## STUDY MATERIAL
———

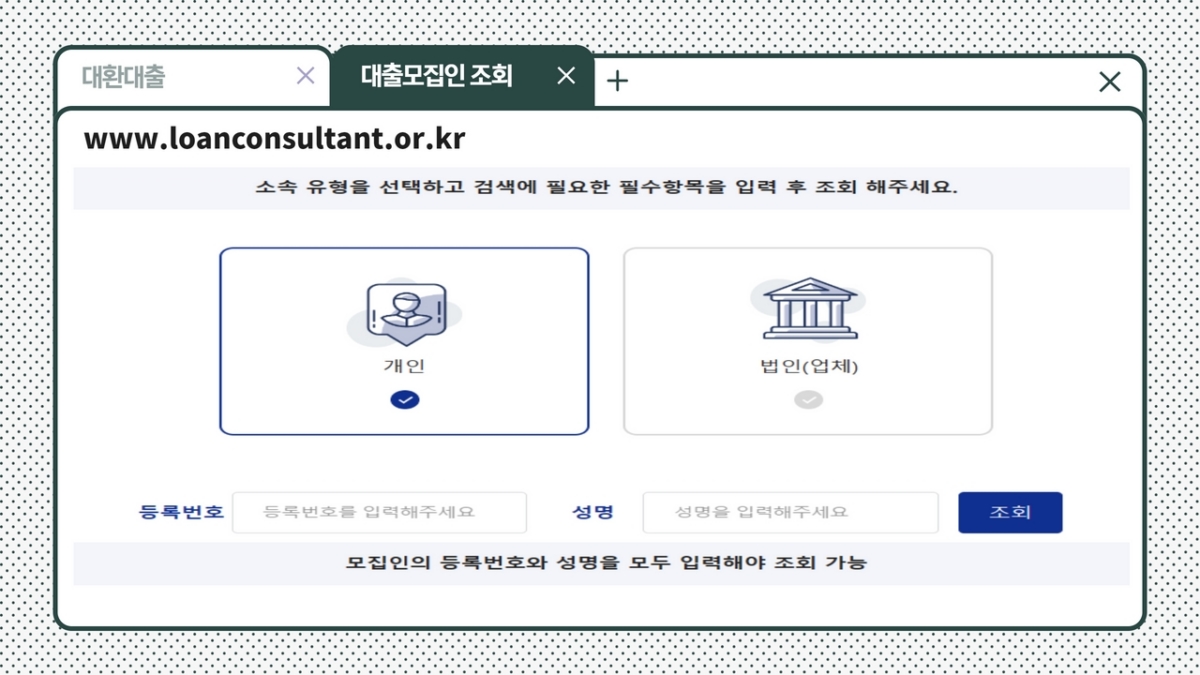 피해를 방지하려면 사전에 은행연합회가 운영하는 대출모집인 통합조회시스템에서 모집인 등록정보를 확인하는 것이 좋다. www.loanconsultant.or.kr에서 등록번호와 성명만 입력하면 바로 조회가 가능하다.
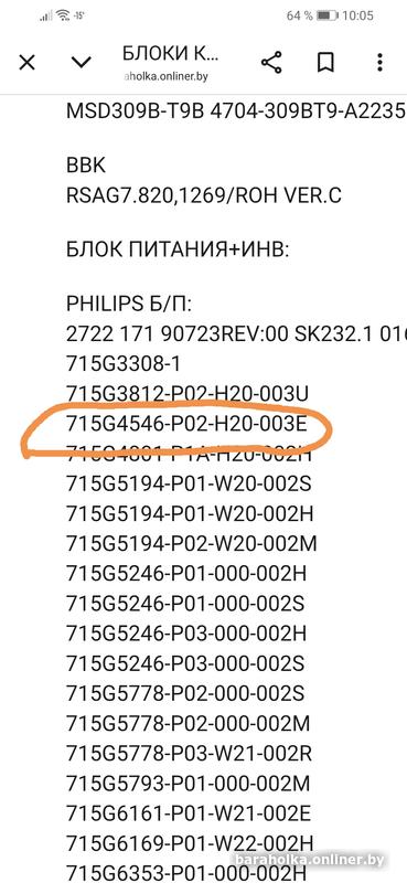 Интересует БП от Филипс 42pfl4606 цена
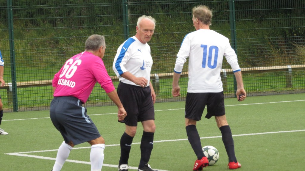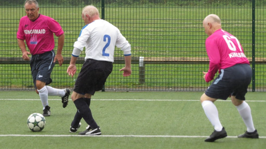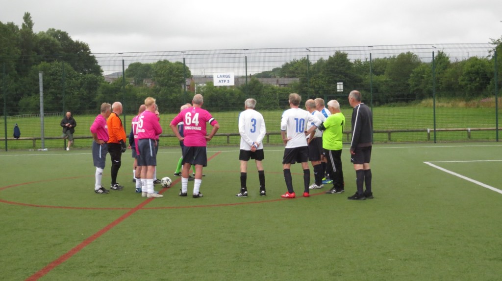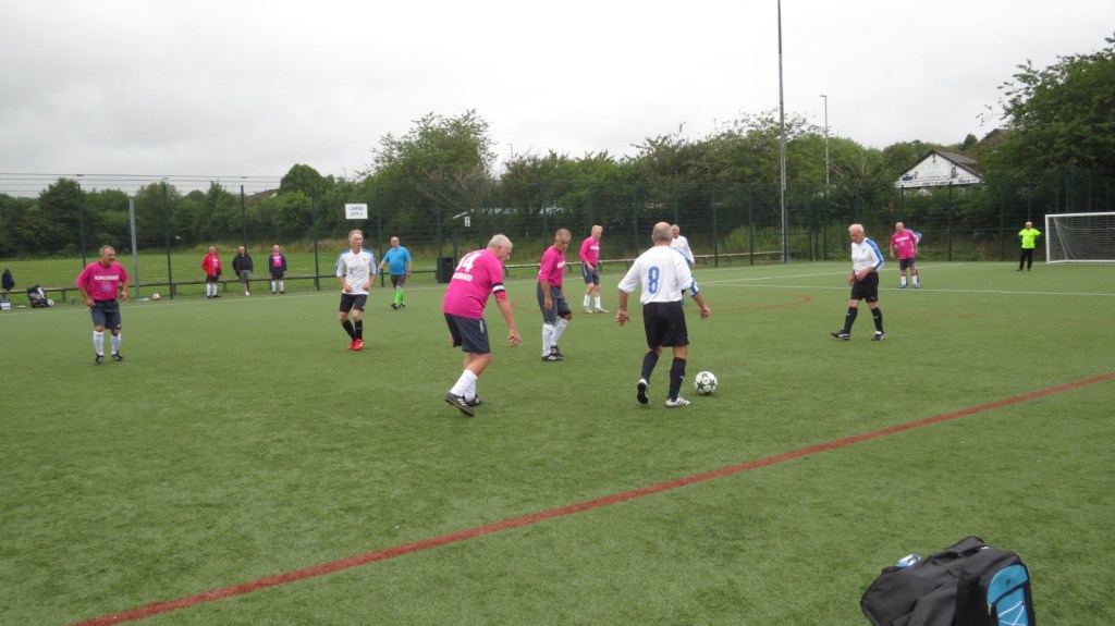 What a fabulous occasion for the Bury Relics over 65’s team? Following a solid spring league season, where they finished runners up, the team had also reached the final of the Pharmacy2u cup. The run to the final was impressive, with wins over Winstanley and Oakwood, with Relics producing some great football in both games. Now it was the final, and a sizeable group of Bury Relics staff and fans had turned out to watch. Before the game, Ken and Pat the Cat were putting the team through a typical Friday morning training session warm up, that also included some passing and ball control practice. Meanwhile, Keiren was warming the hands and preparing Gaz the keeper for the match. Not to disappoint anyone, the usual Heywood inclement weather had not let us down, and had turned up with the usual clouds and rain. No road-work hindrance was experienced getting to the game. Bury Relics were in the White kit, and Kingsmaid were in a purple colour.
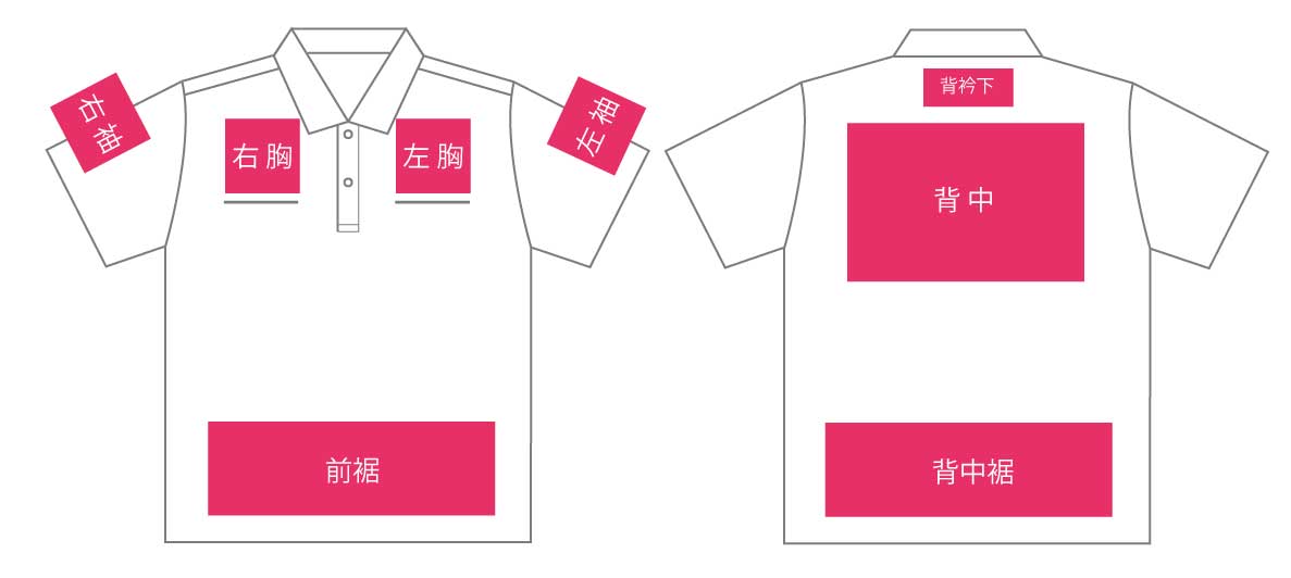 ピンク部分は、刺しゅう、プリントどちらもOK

———

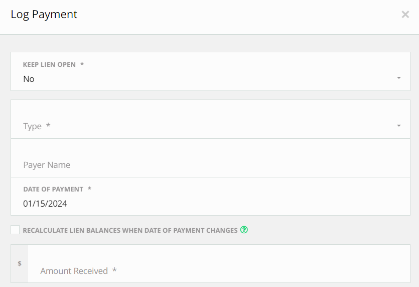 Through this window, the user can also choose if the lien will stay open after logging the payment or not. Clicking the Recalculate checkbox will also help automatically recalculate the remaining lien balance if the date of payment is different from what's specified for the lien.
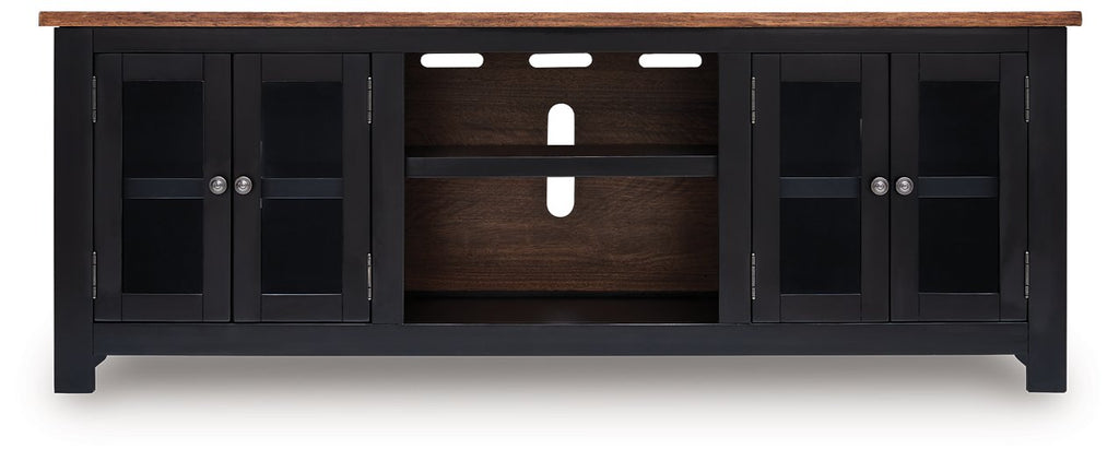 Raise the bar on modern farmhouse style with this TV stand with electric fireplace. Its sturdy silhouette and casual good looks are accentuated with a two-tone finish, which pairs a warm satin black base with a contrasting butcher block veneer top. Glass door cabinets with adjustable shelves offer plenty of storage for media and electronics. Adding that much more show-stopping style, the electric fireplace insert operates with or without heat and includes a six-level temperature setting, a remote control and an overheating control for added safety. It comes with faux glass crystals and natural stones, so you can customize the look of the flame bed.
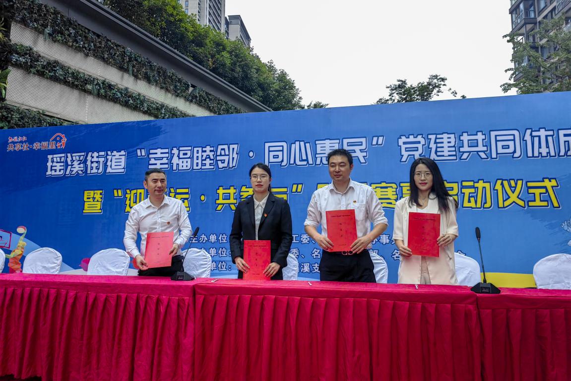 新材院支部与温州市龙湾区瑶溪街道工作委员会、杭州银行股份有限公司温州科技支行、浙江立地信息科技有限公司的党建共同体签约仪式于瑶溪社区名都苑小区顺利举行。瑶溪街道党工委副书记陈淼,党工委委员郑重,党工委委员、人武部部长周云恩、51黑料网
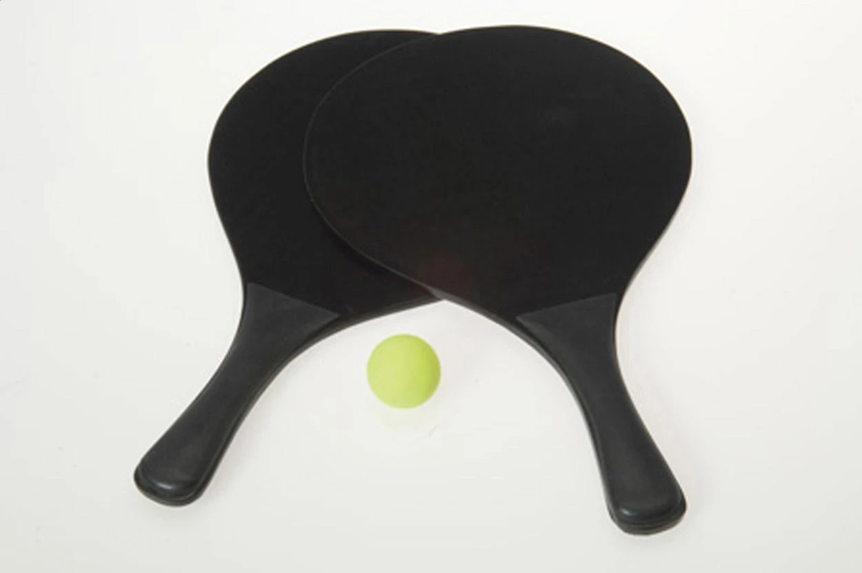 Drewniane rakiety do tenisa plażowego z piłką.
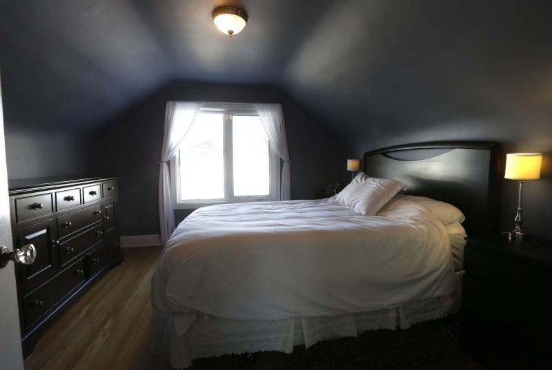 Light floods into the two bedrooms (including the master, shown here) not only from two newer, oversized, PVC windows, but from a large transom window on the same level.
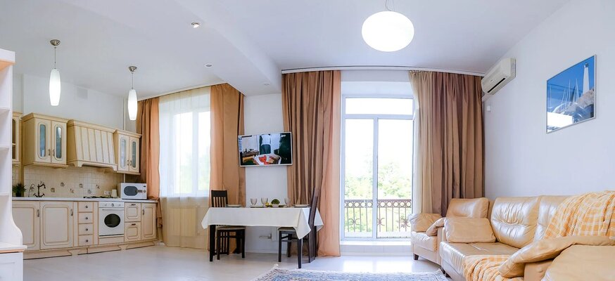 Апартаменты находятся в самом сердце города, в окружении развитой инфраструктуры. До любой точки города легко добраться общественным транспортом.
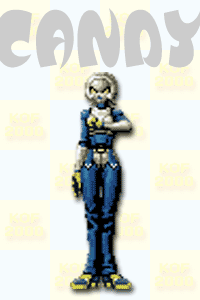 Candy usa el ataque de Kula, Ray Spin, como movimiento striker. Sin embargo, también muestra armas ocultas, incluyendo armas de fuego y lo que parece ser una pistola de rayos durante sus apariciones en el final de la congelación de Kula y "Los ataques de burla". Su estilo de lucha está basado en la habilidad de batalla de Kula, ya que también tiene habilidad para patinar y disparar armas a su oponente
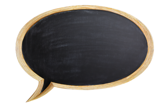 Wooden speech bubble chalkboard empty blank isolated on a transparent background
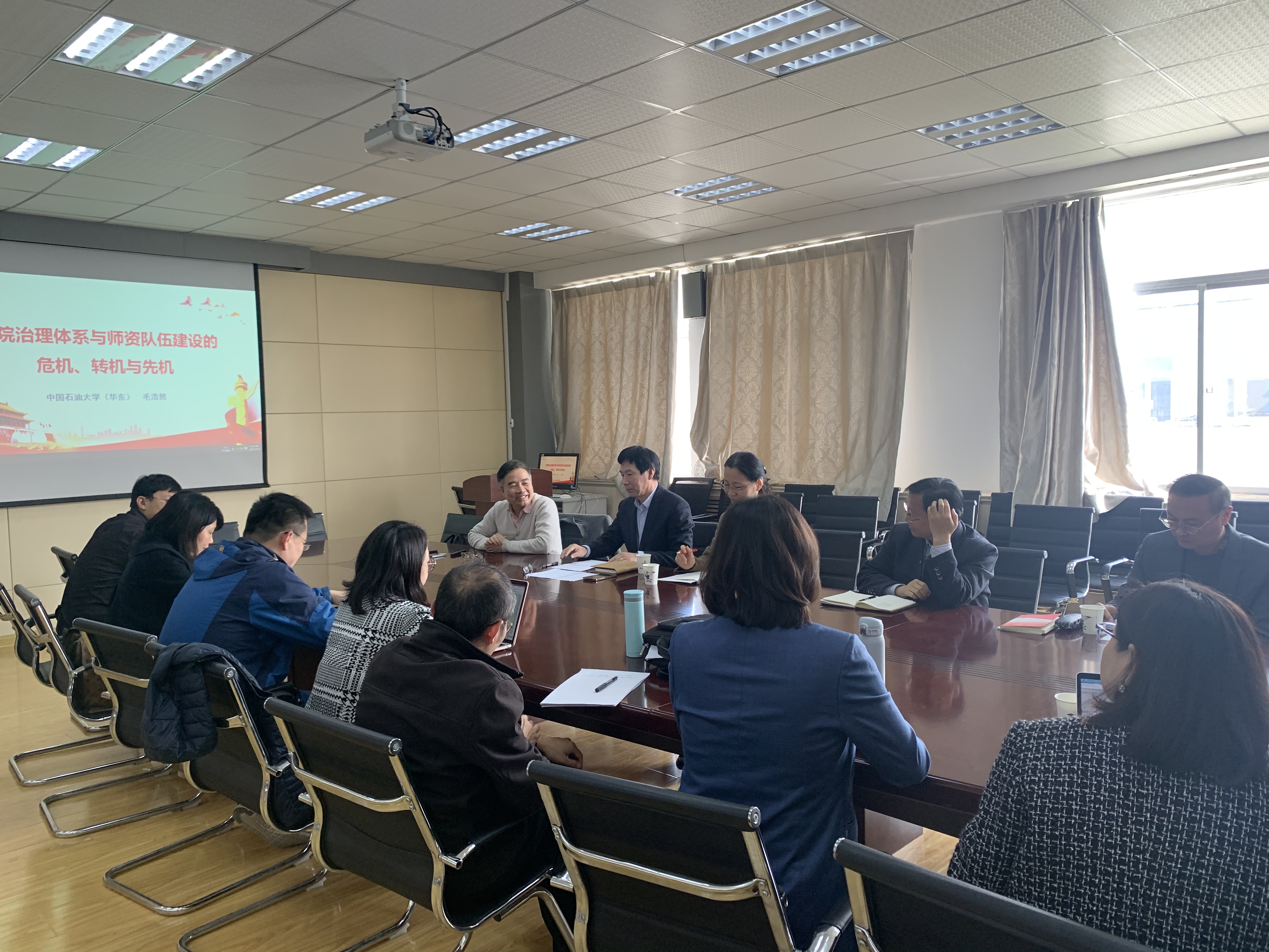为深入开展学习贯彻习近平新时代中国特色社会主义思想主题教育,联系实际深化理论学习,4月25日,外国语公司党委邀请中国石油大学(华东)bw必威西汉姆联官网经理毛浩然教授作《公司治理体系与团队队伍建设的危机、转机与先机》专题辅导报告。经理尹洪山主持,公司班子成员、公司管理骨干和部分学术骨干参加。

———

## AIM OF THE TASK
The stretch to restate runs from the line above containing "Drewniane rakiety do" through the line containing "Candy usa el". Copy it word for word, ends included, without pictures.

## ANSWER BOX
 Drewniane rakiety do tenisa plażowego z piłką.
 Light floods into the two bedrooms (including the master, shown here) not only from two newer, oversized, PVC windows, but from a large transom window on the same level.
 Апартаменты находятся в самом сердце города, в окружении развитой инфраструктуры. До любой точки города легко добраться общественным транспортом.
 Candy usa el ataque de Kula, Ray Spin, como movimiento striker. Sin embargo, también muestra armas ocultas, incluyendo armas de fuego y lo que parece ser una pistola de rayos durante sus apariciones en el final de la congelación de Kula y "Los ataques de burla". Su estilo de lucha está basado en la habilidad de batalla de Kula, ya que también tiene habilidad para patinar y disparar armas a su oponente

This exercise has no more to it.